To say that my dad was quirky would be an understatement. He was also a pyromaniac. To his credit and to my knowledge, he never burnt down any sheds, barns or public buildings.
My dad had the habit of collecting the family dry and flammable garbage in the basement. He stacked boxes full of our waste paper and cardboard, (all very flammable), along one entire wall. We all knew that if the house ever caught fire we were sitting on a tinder box and we were all doomed.
I think my dad, without knowing it, was ahead of his times. He was the forerunner of sorting garbage for recycling; only no one had heard of that concept yet, and we never actually recycled a thing. When we had a cereal box, newspapers wrappings, cardboard box, grocery bag (they were made from course brown paper) we were trained to simply throw them down the basement steps for later stacking against the wall.
The “wall” also became a great place for target practice with my BB gun until “someone put an eye out.” I attached targets to some of the paper filled boxes along the wall and use them for my marksmanship practice.
That practice turned out to be short lived when to my dismay I soon discovered that at such a short range BB’s have the ability to travel through the target, the box, all the paper in the box, hit the cement wall on the other side, then ricochet madly back in the shooters general direction. Now I would remember if I, or anyone else actually put out an eye, but I did get a BB between the eyes. I took that as an omen and used the gun outside on small woodland creatures.
The point of the exercise after all was not to shoot at the boxes, but to burn them. As a family unit we had to accumulate a critical mass of fibrous product for a pyrotechnical display at the end of the month, even better, sometimes at the end of several months. This had become a popular ritual for the kids in our neighbourhood and I was frequently asked by my friends, “Is it time yet?”

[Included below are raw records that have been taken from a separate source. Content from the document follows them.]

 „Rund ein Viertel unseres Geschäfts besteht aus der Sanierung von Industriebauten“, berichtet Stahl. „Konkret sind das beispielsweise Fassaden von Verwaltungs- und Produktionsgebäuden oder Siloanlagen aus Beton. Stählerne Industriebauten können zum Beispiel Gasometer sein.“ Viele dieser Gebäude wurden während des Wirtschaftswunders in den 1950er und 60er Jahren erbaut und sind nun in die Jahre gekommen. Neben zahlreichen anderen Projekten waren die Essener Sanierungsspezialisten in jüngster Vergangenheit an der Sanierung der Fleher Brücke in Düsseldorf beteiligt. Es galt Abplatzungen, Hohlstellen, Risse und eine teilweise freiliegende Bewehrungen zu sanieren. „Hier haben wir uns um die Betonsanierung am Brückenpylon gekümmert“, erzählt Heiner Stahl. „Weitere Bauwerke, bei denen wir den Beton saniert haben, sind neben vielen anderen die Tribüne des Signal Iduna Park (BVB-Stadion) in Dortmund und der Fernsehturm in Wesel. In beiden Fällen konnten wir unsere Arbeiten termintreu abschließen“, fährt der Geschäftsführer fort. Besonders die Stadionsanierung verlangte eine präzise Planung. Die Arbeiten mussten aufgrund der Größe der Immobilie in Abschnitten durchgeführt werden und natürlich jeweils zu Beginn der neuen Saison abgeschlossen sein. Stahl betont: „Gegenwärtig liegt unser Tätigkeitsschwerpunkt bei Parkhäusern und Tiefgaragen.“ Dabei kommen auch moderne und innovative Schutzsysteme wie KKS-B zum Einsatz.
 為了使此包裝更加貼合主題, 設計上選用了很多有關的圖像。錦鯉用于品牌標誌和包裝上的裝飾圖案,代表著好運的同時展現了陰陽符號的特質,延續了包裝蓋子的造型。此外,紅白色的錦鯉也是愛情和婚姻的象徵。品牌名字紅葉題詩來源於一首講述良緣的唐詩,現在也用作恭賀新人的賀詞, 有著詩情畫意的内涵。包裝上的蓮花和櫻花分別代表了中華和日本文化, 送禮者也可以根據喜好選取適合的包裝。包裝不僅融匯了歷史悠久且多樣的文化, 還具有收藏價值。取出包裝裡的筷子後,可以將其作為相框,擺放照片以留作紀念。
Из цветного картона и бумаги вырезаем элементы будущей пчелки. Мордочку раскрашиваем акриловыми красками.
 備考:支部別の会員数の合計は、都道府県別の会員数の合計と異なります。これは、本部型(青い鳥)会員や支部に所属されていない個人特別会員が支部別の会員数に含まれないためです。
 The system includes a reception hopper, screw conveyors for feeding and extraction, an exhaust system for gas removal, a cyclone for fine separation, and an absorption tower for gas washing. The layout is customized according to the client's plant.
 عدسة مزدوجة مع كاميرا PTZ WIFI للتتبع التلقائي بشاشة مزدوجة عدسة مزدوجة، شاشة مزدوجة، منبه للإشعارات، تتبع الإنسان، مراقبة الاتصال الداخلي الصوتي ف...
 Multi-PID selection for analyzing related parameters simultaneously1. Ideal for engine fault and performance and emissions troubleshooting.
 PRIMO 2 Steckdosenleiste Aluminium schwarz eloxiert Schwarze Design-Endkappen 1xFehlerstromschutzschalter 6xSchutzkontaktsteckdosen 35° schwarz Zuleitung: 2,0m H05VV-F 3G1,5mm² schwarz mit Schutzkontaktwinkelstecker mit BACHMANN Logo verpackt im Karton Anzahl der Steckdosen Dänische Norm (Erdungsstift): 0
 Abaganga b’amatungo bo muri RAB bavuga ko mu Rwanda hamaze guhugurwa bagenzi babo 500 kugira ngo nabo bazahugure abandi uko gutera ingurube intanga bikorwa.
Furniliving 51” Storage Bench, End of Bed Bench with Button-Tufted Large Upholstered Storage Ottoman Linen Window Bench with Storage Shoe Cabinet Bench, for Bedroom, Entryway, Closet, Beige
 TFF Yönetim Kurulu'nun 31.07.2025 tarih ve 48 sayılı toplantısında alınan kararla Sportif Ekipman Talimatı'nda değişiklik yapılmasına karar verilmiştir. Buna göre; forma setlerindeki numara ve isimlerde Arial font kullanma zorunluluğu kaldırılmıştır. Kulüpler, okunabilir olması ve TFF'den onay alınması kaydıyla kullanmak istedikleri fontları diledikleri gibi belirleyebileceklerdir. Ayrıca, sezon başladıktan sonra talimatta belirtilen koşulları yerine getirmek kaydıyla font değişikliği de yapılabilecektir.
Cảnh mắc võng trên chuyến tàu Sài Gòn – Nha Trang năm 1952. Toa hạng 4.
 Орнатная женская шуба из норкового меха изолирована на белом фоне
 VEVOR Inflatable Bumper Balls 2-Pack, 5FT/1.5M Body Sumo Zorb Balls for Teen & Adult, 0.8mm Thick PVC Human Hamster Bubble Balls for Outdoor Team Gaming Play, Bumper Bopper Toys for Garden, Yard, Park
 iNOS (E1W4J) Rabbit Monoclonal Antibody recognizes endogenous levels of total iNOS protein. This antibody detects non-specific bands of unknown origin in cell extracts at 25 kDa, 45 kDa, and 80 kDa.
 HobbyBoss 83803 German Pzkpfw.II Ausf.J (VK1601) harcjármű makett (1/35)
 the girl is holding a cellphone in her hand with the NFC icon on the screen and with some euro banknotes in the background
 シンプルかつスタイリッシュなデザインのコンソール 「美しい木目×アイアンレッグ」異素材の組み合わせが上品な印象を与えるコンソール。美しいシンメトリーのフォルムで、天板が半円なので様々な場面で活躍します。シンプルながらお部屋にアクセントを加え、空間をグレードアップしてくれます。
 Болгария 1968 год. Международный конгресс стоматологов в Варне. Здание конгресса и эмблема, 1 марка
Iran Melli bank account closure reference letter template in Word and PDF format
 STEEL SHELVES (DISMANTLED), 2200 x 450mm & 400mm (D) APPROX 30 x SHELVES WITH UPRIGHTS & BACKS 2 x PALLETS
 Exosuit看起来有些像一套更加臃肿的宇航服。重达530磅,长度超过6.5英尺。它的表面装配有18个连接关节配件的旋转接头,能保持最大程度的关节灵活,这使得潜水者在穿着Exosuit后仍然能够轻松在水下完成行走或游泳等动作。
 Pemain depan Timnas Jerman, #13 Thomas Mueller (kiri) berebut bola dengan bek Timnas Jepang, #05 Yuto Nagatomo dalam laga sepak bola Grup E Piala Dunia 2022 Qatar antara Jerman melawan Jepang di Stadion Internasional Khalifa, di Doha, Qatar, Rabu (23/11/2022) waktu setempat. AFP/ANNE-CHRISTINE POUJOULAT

At the end of the month the Rempel kids their co-conspirators and random enablers eagerly joined together to make a giant pyre at the end of the driveway. I’m certain that any passing Hindu would take serious pause and deep reflection as to our intentions. We weren’t multicultural back then and wouldn’t have cared anyway. We wanted to burn stuff!
I think my dad was of the opinion and lived by the motto,” if you burn it, they will come” because we always had a crowd of exuberant kids and disgusted adults. These were the type of disgruntled adults who often appeared in early horror movies carrying pitch forks attempting to run the monster out of the village and ironically quite eager to burn down the castle in the process. It was a rough neighbourhood.
Our driveway and property, by the way, were not situated on some isolated country acreage. Our short drive led on to a very busy street and was on a bus route. None of this seemed to faze my father as we continued to heap the cardboard boxes immediately under the hydro lines that ran about 20 feet above the driveway.
Next to Christmas, as far as festive occasion goes, this was even better than Easter. It was more of a pagan ritual probably stemming from pre-Christian times. As kids we had also played a game in which we dressed up as “savages” from the equatorial rain forest, or more precisely we envisioned ourselves as some sort of Greco/Roman/Amazonian hybrid.
We made spears and shields from garbage can lids and took our sisters and other girls in the neighbourhood as hostages for sacrifice to the Gods of the orchards. We lived in the Niagara Fruit Belt and felt human sacrifice was a prerequisite to a good harvest. We were a more suburban version of the children of the corn. We always thought the fire ritual would be a perfect setting to sacrifice a young virgin, but to our collective disappointment my father was quite strict on this point.
However, I believe a few cats went missing during the burning, but I think this was just a vicious rumour started by some of the local missionaries. To my knowledge no animal or virgin, was ever harmed in the making or burning of our pyres.
For some unexplained reason, as a child, I never understood why my mother never joined in on the fire ritual. She chose to look out; quite nervously it seemed, from the living room window. With the reflection of the flames on the window my mom at times looked quite surreal. I could see her hands go to her face as the flames leaped and tickled the hydro wires above the driveway. I never really got the connection between those wires and the necessities of life, such as watching Saturday morning cartoons and Captain Kangaroo.
After doing some major yard work involving cutting down some willow trees and pruning some of our plum trees we had a veritable arsenal of fuel for the “Rambo” of all fires. I sensed great anticipation in the neighbourhood as the combustibles began to mount in the vacant lot next to our house. Even the local virgins appeared to grow restless as the night of the great and inevitable fire approached. The evening had a genuine Lord of the Flies feel to it, and the momentum was mounting.
Off course it was all anticlimactic because no sooner did the flames reach the requisite 20 foot mark and the neighbours house seemed threatened, as was our own; the fire department showed up, dosed the flames, spoiled the fun and gave my dad a very stern warning and I suffered the angst of another missed opportunity at sacrificing a virgin, little realizing what a virgin was, or that I was one.
As an adult I have since returned to my childhood neighbourhood. If I look very carefully and get down on my hands and knees I can still make out the black ash remains of fires long spent and when I close my eyes I can clearly detect the acrid smell of smoke in the air.